Pharmacological removal of ROS attenuates SE-induced deficits in mitochondrial respiration. (A) Example traces of OCR from isolated hippocampal synaptosomes of control and treated rats. (B) Time course of deficits in mitochondrial reserve capacity in pilocarpine treated animals relative to control (C) Example bioenergetic profile traces from each group shown in (D) Mitochondrial reserve capacity. *p< 0.05 or **p< 0.01 compared to control, #< 0.05 compared to pilocarpine alone by one-way ANOVA, n = 5 in each group.

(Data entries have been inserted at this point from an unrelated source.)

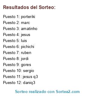 Lista de participantes: jordi, pichichi, daniq3, jesus, gores, marc, ruben, sergio, luis, porteriki, amatinho, jesus q3.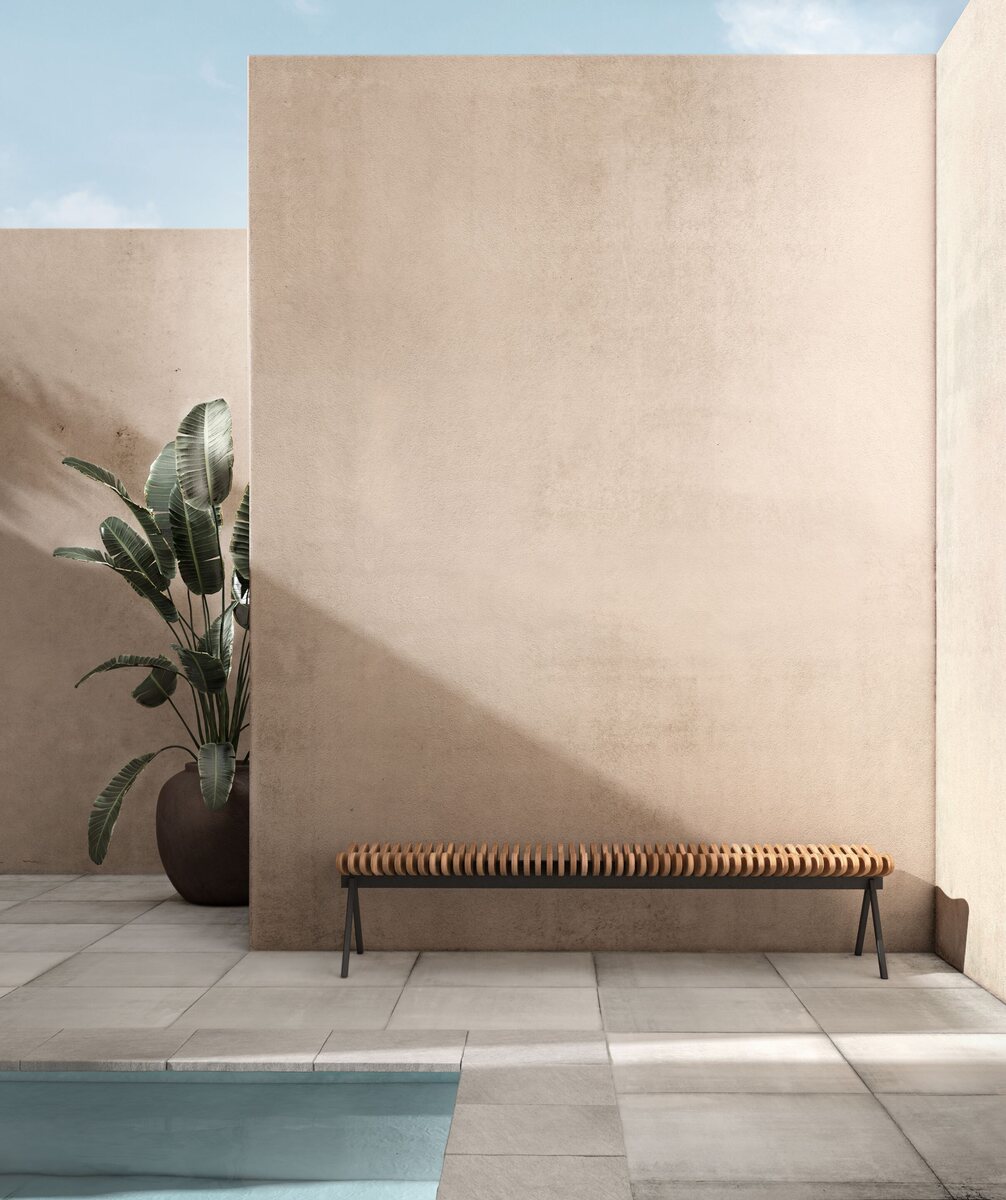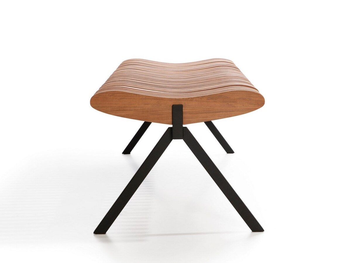 A contemporary teak garden bench with a slatted seat and black powder-coated steel legs, designed by Caroline Voet.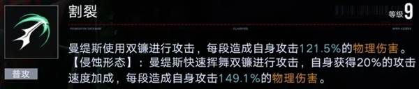 曼缇斯的普攻也会有两种形态,其中侵蚀形态的攻速会提升20%,基础攻速会提升到约1.2左右,而在10级时侵蚀状态的普攻倍率高达161%。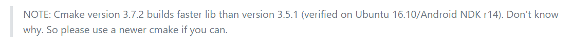 ubuntu16.04自带了3.5.1版本的cmake,但作者标注cmake版本会影响build速度。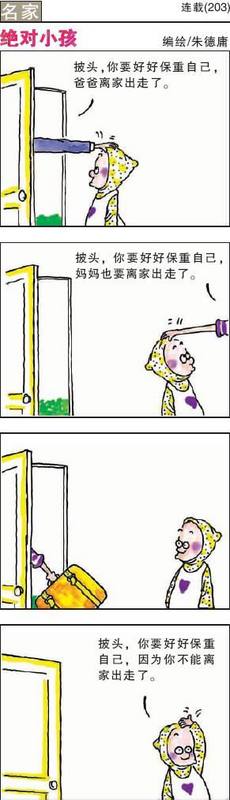 果然,很好看。总结如下: 首先,剧本设计了极富戏剧性的情节和个性鲜明的人物。 第二,诙谐幽默的语言,让人喷笑。超级逗,孩子和大人都笑得合不上嘴; 第三,非常炫的灯光效果和华丽丽的歌舞表演 贵族妞家里餐桌上的“贵族蚊子”,家长们许诺贵族妞数到第100只羊时候,白马王子会来到她的身边;等终于数到了,白马王子却没有来,家长们对她疑问的回答是:“等她不再胡思乱想的时候。。。。” 比赛是一个成绩优秀的小孩儿,英语考试成绩得了99分,大人还不满意,对他丢分的“hope”和“help”一词要求抄写100遍。等他终于考到了100分的时候,想象自己站在第一名的领奖台上,想着爸爸妈妈会给发什么样的奖品的时候,没想到爸爸妈妈拿过来的是沉重的一门又一门的功课,有语文、数学、美术、体育。。。。,,家长的回答是:需要的是全面发展。 宝儿身上承载着家长自己没有实现的儿时梦想,爸爸想让她成为钢琴家,妈妈想让她成为舞蹈家,宝儿就在家长的两个声音中不知所措,没有一点儿喘气的时间。 披头成绩不好,试卷只得了66分,家长自然是非常不满意,等终于考了99分的时候,大人们又怀疑他作弊。。。。。 五毛最好玩了,在父母面前表现的是一个乖孩子,但是背地里去爱玩的很。在浴缸里洗澡的时候想象力超丰富,想象成和一个大海怪在做斗争。 爸爸妈妈的形象就是大多数家长的形象了,永远对自己的孩子不满意。。。还吵架,还。。。离家出走! 最给力的还是第51只羊,从小孩子的梦里跑了出来,让小孩子到了一个没有大人的世界。。。 从网上搜了一些漫画放到这里,供大家围观。 总之,感谢宝宝地带网提供的良好的机会,让我们一饱眼福,一饱耳福。 最后发几张等待进场时候的小朋友们嬉戏的照片,还有就是看完后小吃街就开张了,这两个小馋孩子就开始吃吃喝喝了,烤羊肉串,还有佩服苹果小同学还能吃烤臭豆腐串呢。 总之度过了一段愉快的时光。 本作品未经作者许可不得转载,转载请征求作者意见。擅自转载使用,将保留追究其法律责任的权利! |

Pharmacological removal of ROS attenuates SE-induced neuronal death
Mitochondria can regulate both apoptotic and necrotic cell death and have been implicated in the pathogenesis of various neurodegenerative diseases including AD and ALS. Neuronal death, particularly in the hippocampus, is a common feature of TLE and is thought to contribute to cognitive dysfunction (Pitkanen and Sutula, 2002). In epilepsy, key mediators of neuronal death are necrosis initiated by glutamate excitotoxicity and apoptosis (Ankarcrona et al, 1995; Reynolds and Hastings, 1995; Patel et al, 1996; Henshall and Murphy, 2008). Reactive species are contributors to glutamate excitotoxicity as well as apoptotic cell death (Lafon-Cazal et al, 1993; Reynolds and Hastings, 1995; Henshall and Murphy, 2008). Work from our laboratory has demonstrated the role of mitochondrial ROS in SE-induced neuronal death (Liang et al, 2000). Therefore, we evaluated the effects of scavenging ROS on SE-induced neuronal death using Fluoro-Jade B (FJB). FJB labeling of degenerating neurons in the hippocampus was quantified 24 hours after pilocarpine-induced SE. The pilocarpine group showed a significant increase in FJB labeling compared to controls in the hippocampal CA3 area (p <0.0001; Figure 4A) and the hilus (p <0.0001; Figure 4B), indicative of increased neuronal death. The pilocarpine group that received MnIIITDE-2-ImP5+ had significantly reduced FJB staining compared to the saline-treated pilocarpine group in CA3 (p <0.05; Figure 4A) and dentate hilus (p <0.05; Figure 4B). Taken together, these data indicate that ROS contributes to SE-induced neuronal loss.
Fig. 4.
Pharmacological removal of ROS attenuates SE-induced neuronal death 24 hours after SE. (A) quantification of relative fluorescence in CA3 (p = 0.0002) and (B) the hilus (p < 0.0001) ***p< 0.001 compared to control, #< 0.05 compared to pilocarpine alone by one-way ANOVA, n = 6 in each group.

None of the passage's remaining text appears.